### Problem requirements
Every picture should be left out, but the lines below must be repeated exactly.

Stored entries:
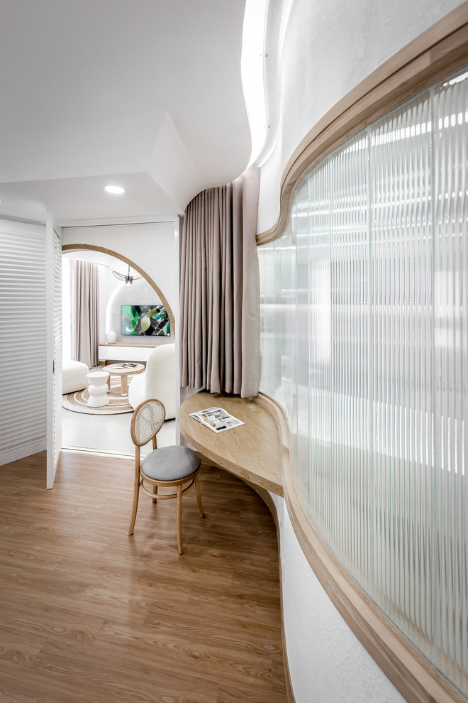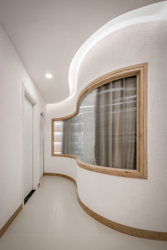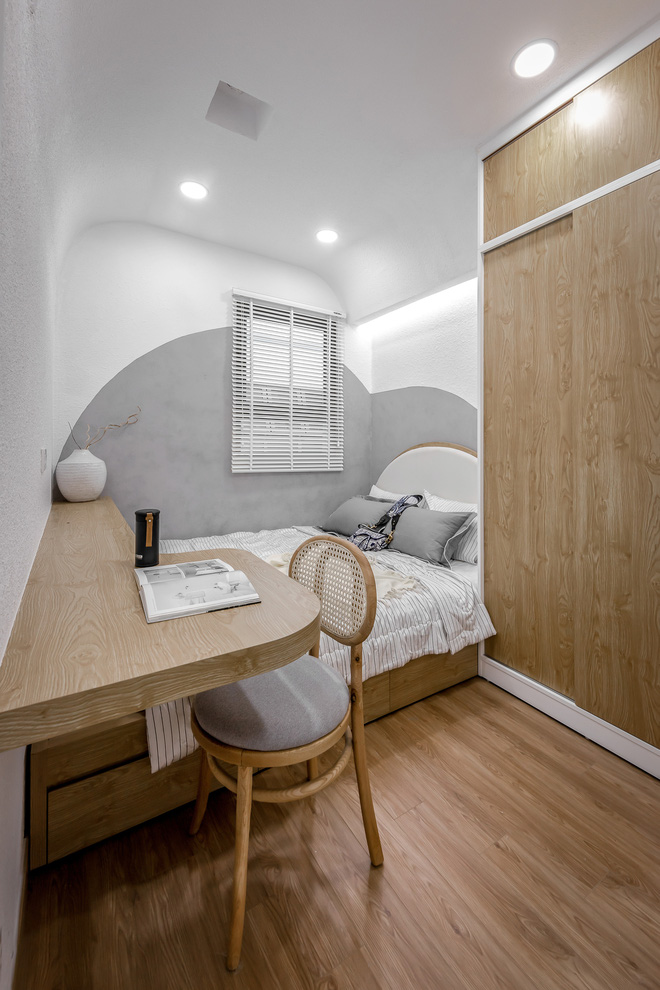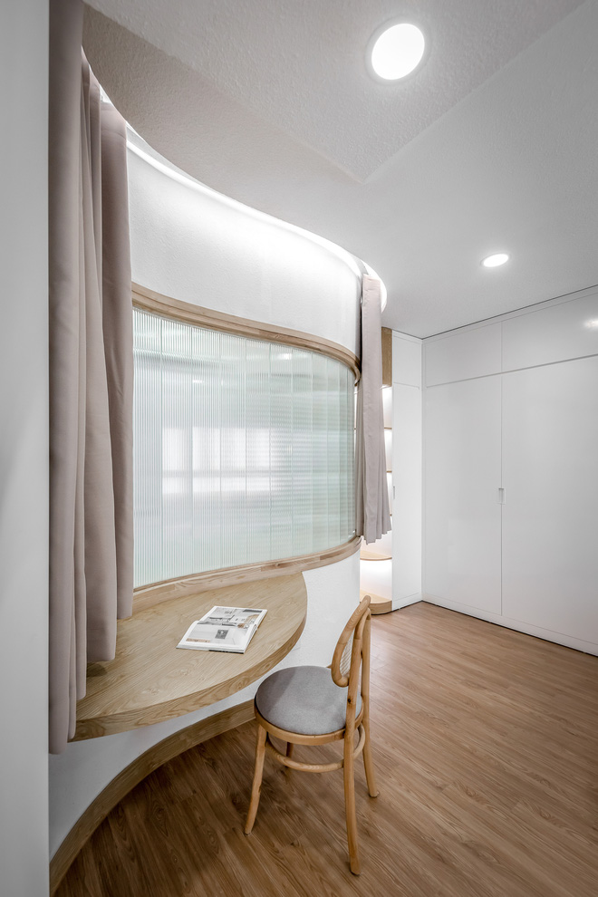 "Gia chủ là người rất có cá tính nên không gian vì thế mà cũng phải có điểm nhấn khác biệt", theo KTS Anh Quý. Để làm được điều này thì phần tường của phòng ngủ chính đã được đập đi và xây lại với đường cong uốn lượn quyến rũ. Bên cạnh đó, cửa phòng được thay đổi thành hệ cửa lùa để tối ưu hóa diện tích.
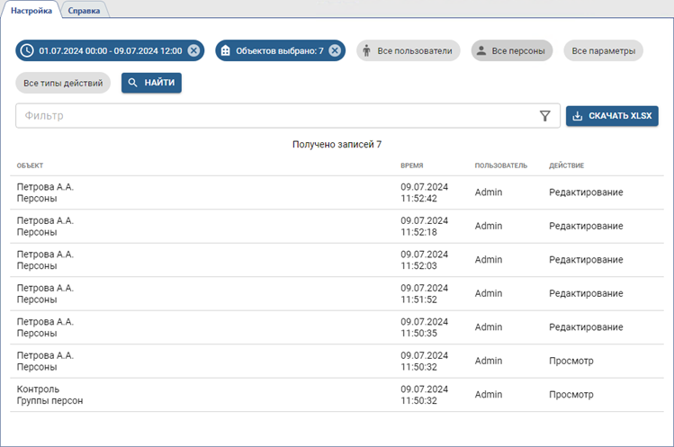 В случае необходимости журнал действий можно сохранить в файл. Для этого нажмите на кнопку Скачать XLSX.
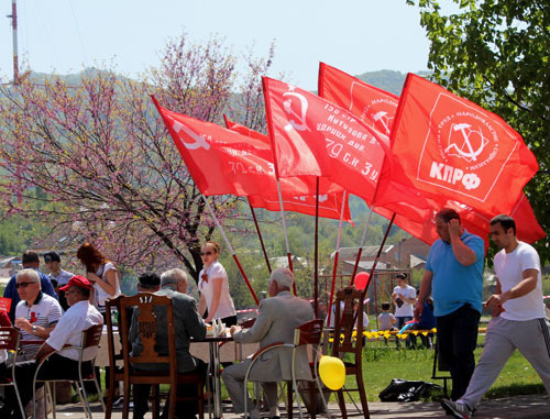 В этом году коммунисты республики отошли от традиционных митингов, шествий и демонстраций и устроили "маевку". Около памятника генералу Иссе Плиеву во Владикавказе, по оценкам МВД, собрались более 350 человек.
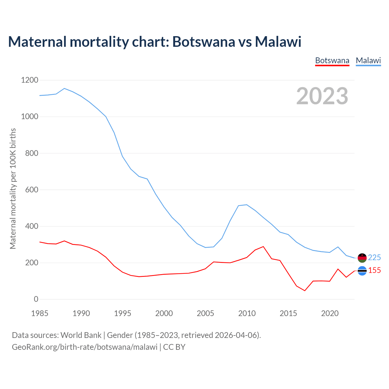 The maternal mortality rate, which is the probability of dying during childbirth or within 42 days of pregnancy termination, is 155 deaths per 100,000 live births in Botswana, compared to 225 deaths in Malawi.
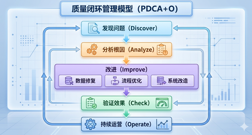 数据质量提升没有"一劳永逸"的解决方案。即使是最好的系统、最严格的流程,也无法保证100%的数据质量。质量提升的本质,是建立一套能够"持续发现问题、持续分析根因、持续推动整改、持续预防复发"的机制。
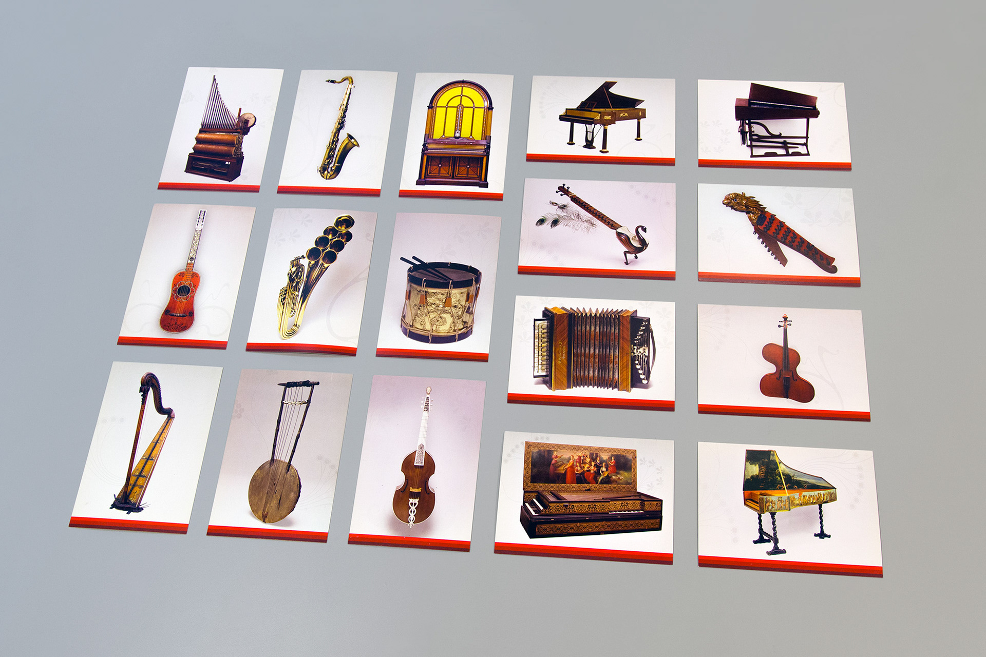 The brand identity was also applied to merchandising, like postcards featuring instruments from the museum's collection.
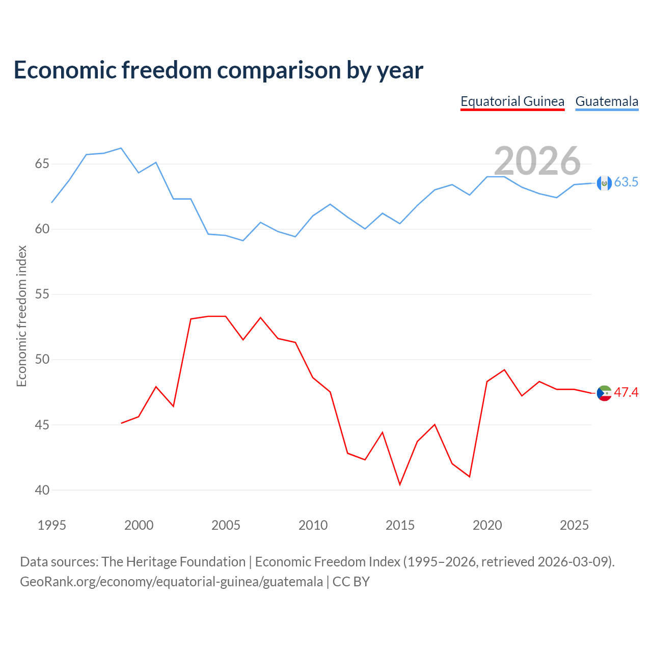 The Economic Freedom Index for Equatorial Guinea is 47.4, ranking 175/197, compared to 63.5 for Guatemala, ranking 79/197. The chart above displays a comparison of annual changes in economic freedom indexes.
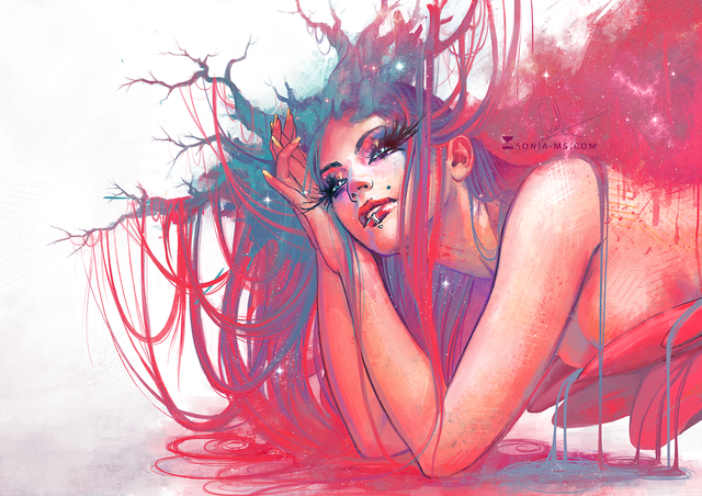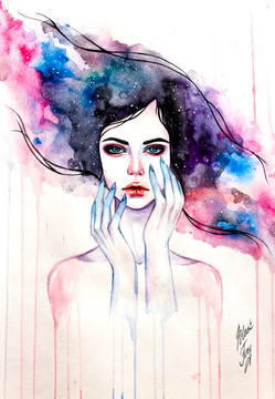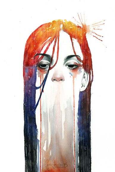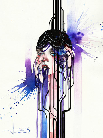 Kelogsloops, your watercolours will never cease to amaze me. The bubble of hair is a really interesting concept, what gave you the idea?

### Exercise answer
 "Gia chủ là người rất có cá tính nên không gian vì thế mà cũng phải có điểm nhấn khác biệt", theo KTS Anh Quý. Để làm được điều này thì phần tường của phòng ngủ chính đã được đập đi và xây lại với đường cong uốn lượn quyến rũ. Bên cạnh đó, cửa phòng được thay đổi thành hệ cửa lùa để tối ưu hóa diện tích.
 В случае необходимости журнал действий можно сохранить в файл. Для этого нажмите на кнопку Скачать XLSX.
 В этом году коммунисты республики отошли от традиционных митингов, шествий и демонстраций и устроили "маевку". Около памятника генералу Иссе Плиеву во Владикавказе, по оценкам МВД, собрались более 350 человек.
 The maternal mortality rate, which is the probability of dying during childbirth or within 42 days of pregnancy termination, is 155 deaths per 100,000 live births in Botswana, compared to 225 deaths in Malawi.
 数据质量提升没有"一劳永逸"的解决方案。即使是最好的系统、最严格的流程,也无法保证100%的数据质量。质量提升的本质,是建立一套能够"持续发现问题、持续分析根因、持续推动整改、持续预防复发"的机制。
 The brand identity was also applied to merchandising, like postcards featuring instruments from the museum's collection.
 The Economic Freedom Index for Equatorial Guinea is 47.4, ranking 175/197, compared to 63.5 for Guatemala, ranking 79/197. The chart above displays a comparison of annual changes in economic freedom indexes.
 Kelogsloops, your watercolours will never cease to amaze me. The bubble of hair is a really interesting concept, what gave you the idea?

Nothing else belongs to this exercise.